Меня не нужно было упрашивать и уговаривать остаться пожить у тети, вдали от дома, от родителей, настолько я влюбился в этот край.

Край чертополоха и вереска. Край скал, камней и холмов, противостоящих ударам морских волн. Бродя вдоль скал у моря, я будто бы видел как шотландцы сбрасывают связанного пикта в море, как это описывал Роберт Стивенсон. Конечно, надо помнить, что образ это романтический, о чем ещё при жизни писал сам Стивенсон, а из школьных уроков я знаю что пикты давно уже смешались со скоттами, и эти черные острые камни и рокочущие голубые волны, взбивающие такую нежную и невесомую белую пену не осквернены кровью невинного юноши, который мог выдать секрет верескового меда. Впрочем, местный пивовар до сих пор активно использует в производстве вереск, не знаю насколько его продукция проигрывает древнему напитку, но уж всяко лучше любой дряни из алюминиевых банок.

Насчет форта пиктов меня не обманули. Правда, он находился далековато от деревни, где я поселился у тетушки Бонни. Форт находился гораздо дальше к северу, до него было легко доехать на автобусе, а для тренированного человека не было проблемой проснуться в выходной день пораньше и с посохом в руках пуститься в путь, чтобы к обеду оказаться на месте и насладиться прекрасным видом. Здесь ты будто оказывался в другом мире, в другое время. Брох (если правильно называть это строение, или, точнее, то что от него осталось) возвышался на вершине холма. Несмотря на то что от башни осталось всего полтора этажа, достигавшие в самой высокой точке всего 6 метров, древнее строение из серого камня, сложенное столетия назад, до сих пор впечатляло своим видом. Возможно, остатками этих сооружений когда-то вдохновлялся Толкин, когда описывал сторожевые башни гномов, хотя, в те времена большинство связывало эти постройки с кельтами, и их не соотносили с полумифическим низкорослым народом.

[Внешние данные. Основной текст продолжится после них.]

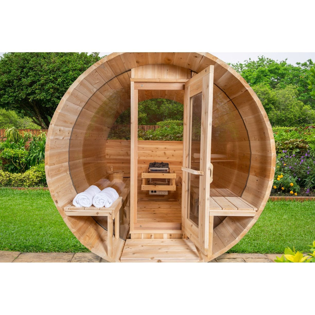 SaunaLife E7G Sauna Barrel with Glass Front - 4 Person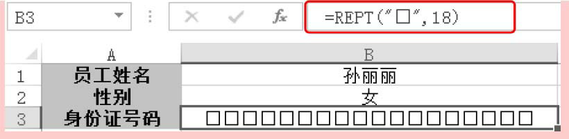 身份证号码有固定的18位号码,手工插入方框符号比较浪费时间,使用REPT函数就可以实现一次性输入指定数量的方框,以便身份证号码的填入。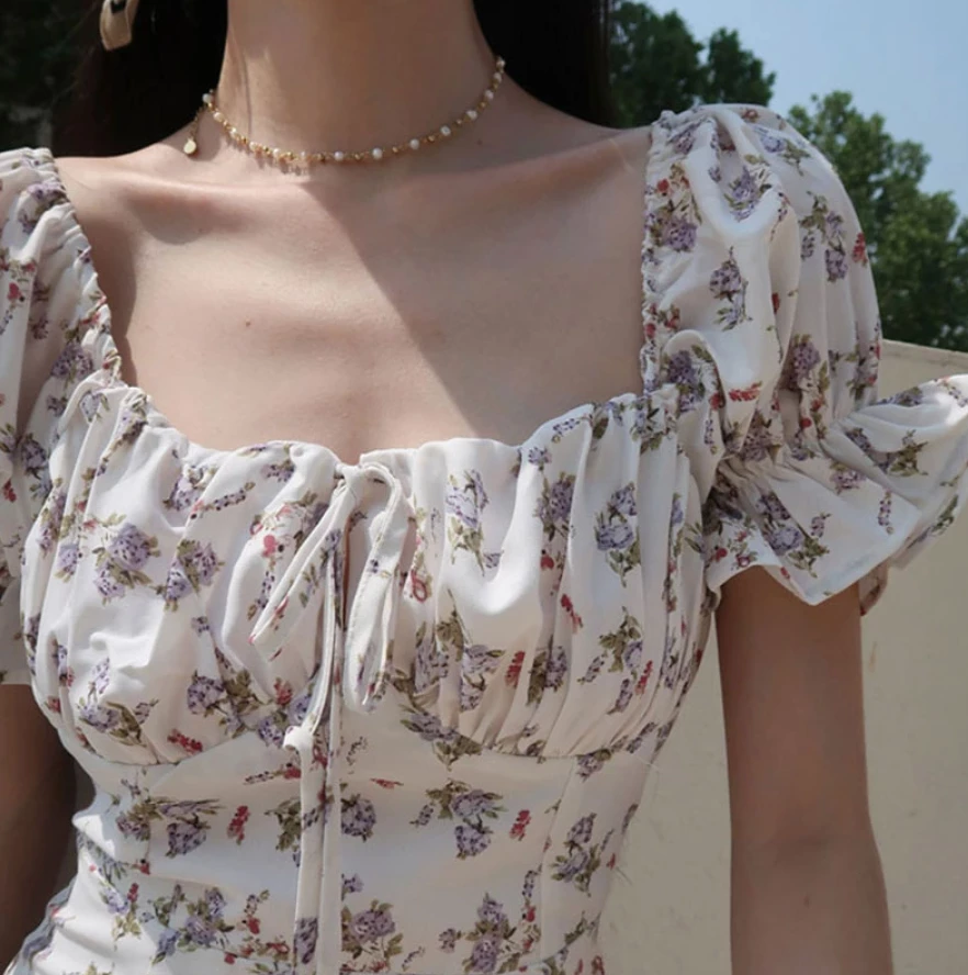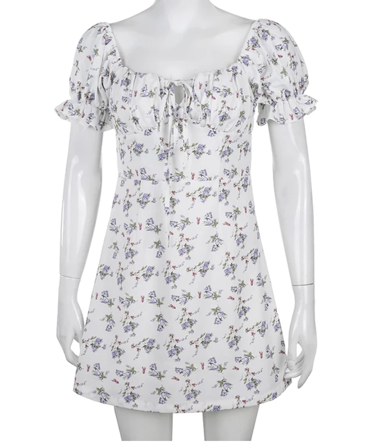 Mini sundress with puff sleeve sundress, and a dainty cottage-core floral print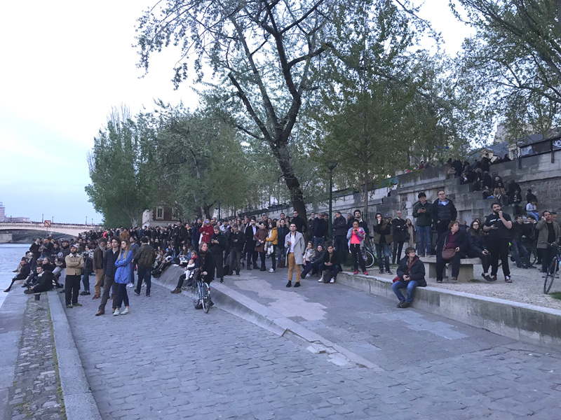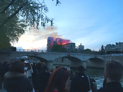 On 15 April 2019, just before 18:20 local time, a structure fire broke out beneath the roof of Notre-Dame de Paris cathedral in Paris. By the time it was extinguished, the building's spire collapsed and most of its roof had been destroyed and its upper walls severely damaged. Extensive damage to the interior was prevented by its stone vaulted ceiling, which largely contained the burning roof as it collapsed. Many works of art and religious relics were moved to safety early in the emergency, but others suffered some smoke damage, and some exterior art was damaged or destroyed. The cathedral's altar, two pipe organs, and its three 13th-century rose windows suffered little to no damage. Three emergency workers were injured. Contamination ( lead from the roof mainly, among other things ) of the site and the nearby environment resulted.

Вдалеке, на западе виднелась дорога и крыши деревенских домов, кое-где выглядывающие среди множества холмов. А вот если встать у западной стены броха и смотреть строго на восток, то пейзаж открывался просто потрясающий – с восточной стороны холм резко обрывался и дальше не было никаких домов, никаких дорог, только разноцветный ковер, словно древний великан забыл здесь свою камуфляжную военную куртку – коричневые холмы, редкие заросли зеленых деревьев, серая каменная порода, растущий на ней мох всех оттенков зеленого, желтоватая к осени трава или, в период цветения, ровный фиолетовый цветочный ковер, а завершала эту волшебную картину голубая полоса моря.

Глядя на всё это величие, я начинал фантазировать, что не просто пришел сюда пешком или приехал на автобусе чтобы полюбоваться местными красотами, мне казалось, я вошел в портал между мирами, прошел через дыру в самой материи времени, что человечество освободилось от бремени техники и здесь не надо читать противопоказания на коробочке с лекарствами – древние волшебники лечат своей магией абсолютно всё, и не стоит бояться аллергии и индивидуальной непереносимости, тут лечит цветочный воздух, поднимающийся с полей вверх по холмам. Мне казалось, что пикты скоро вернутся и починят свою крепость, которую они покинули лишь на время.

А как красиво было здесь зимой! Всё было покрыто ровным белоснежным ковром, в котором отражалось голубое небо. Теперь можно было вставать у восточной стены броха и смотреть на запад – слой снега засыпал редко используемую дорогу, а крыши домов далекой деревни укрывались белым одеялом, скрывая свой ядовитый и неестественный цвет. И теперь даже этот уголок цивилизации казался сказочным.

Но зимой я бывал здесь крайне редко – доезжал, разумеется, на автобусе и бродил по холму в одиночестве. В теплую пору людей здесь было гораздо больше, взрослые и пенсионеры приезжали, как правило, большими группами на экскурсионных автобусах и задерживались не больше двадцати минут, а вот студенты, только недавно получившие права, приезжали небольшими компаниями и оставались до вечера. Как правило, это были будущие художники или историки, которые часами сидели на привезенных пледах и с разных ракурсов рисовали руины.

Многих очень привлекало с каким мечтательным видом я прогуливаюсь и изучаю наследие бронзового века. Некоторые ребята с альбомами заговаривали со мной, они были не местные и очень часто не знали о крепости ничего, кроме места расположения и её вида с одного ракурса из справочника достопримечательностей. В их глазах я выглядел архаичным старожилом (без году неделя!), я рассказывал известные только местным жителям истории о появлении здесь приведений и исторические сведения, которые почерпнул из справочников по археологии и этнографии. В нашей деревенской библиотеке книг о родном крае было мало, а те, что имелись, порой уже являлись устаревшими, но тетю очень радовало мое увлечение историей и после деловых поездок в город она часто привозила мне свеженькие тонкие монографии с новыми исследованиями местных памятников археологии. Не скажу что я был общительным, но студенты-художники были мне очень симпатичны, они показывали свои рисунки, исполненные во всевозможных техниках, в основном это были карандашные наброски, были также рисунки сделанные ручкой, ах как они передавали зазоры между камнями в стенах башни! Некоторые держали черными пальцами свои альбомы с рисунками, сделанными углем, в них мне особенно нравилось как получались облака и тучи, тени на далеких холмах и мох на сухой кладке. А некоторые приезжали на целый день со здоровенными мольбертами и писали маслом.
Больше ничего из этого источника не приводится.